*GOAL OF THE EXERCISE:*
Pictures in the listing do not belong in the copy, which should repeat exactly the lines from the one holding "Пейката е идеална" through the last line.

*RECORDED DATA:*
• • • • •
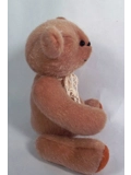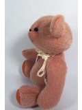 Fudge is made from brown mini bear fabric, he has glass bead eyes and wears a cream lace ribbon.
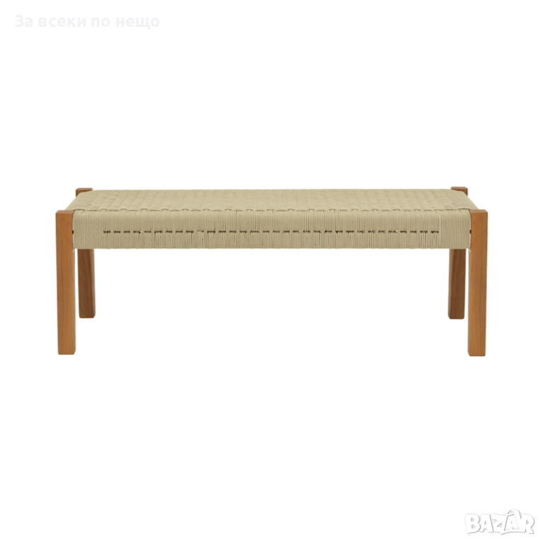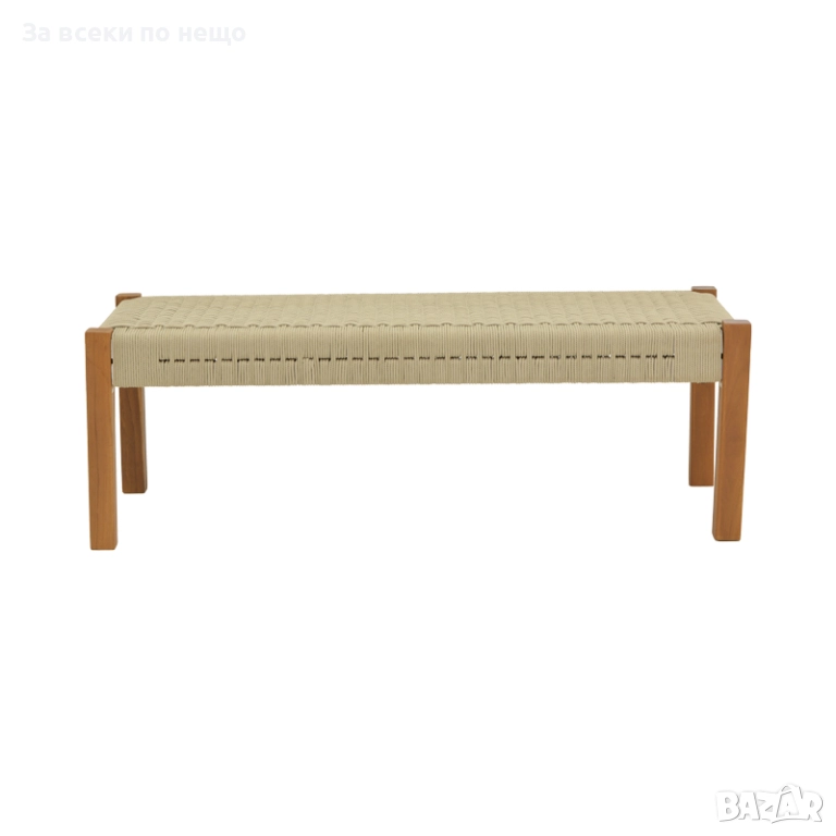 Пейката е идеална за допълване на естетиката на вашето външно пространство. Характеристики: *Рамка, изработена от тиково дърво с отлично качество, което предлага устойчивост на време и износване. *Тапицирана с високоустойчиво синтетично въже. Размери на продукта: Дължина: 120 см Широчина: 45 см Височина: 40 см Височина на седалката: 40 см
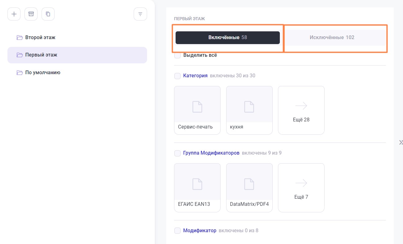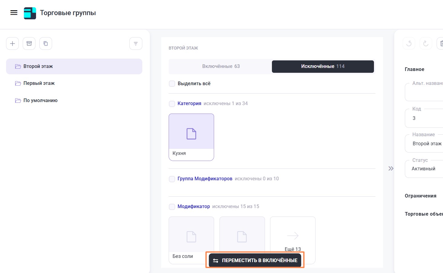 Для Включения торгового объекта, во вкладке Исключеные, выделите необходимой объект и нажать кнопку Переместить в включенные.
• • • • •
*OUTPUT:*
 Пейката е идеална за допълване на естетиката на вашето външно пространство. Характеристики: *Рамка, изработена от тиково дърво с отлично качество, което предлага устойчивост на време и износване. *Тапицирана с високоустойчиво синтетично въже. Размери на продукта: Дължина: 120 см Широчина: 45 см Височина: 40 см Височина на седалката: 40 см
 Для Включения торгового объекта, во вкладке Исключеные, выделите необходимой объект и нажать кнопку Переместить в включенные.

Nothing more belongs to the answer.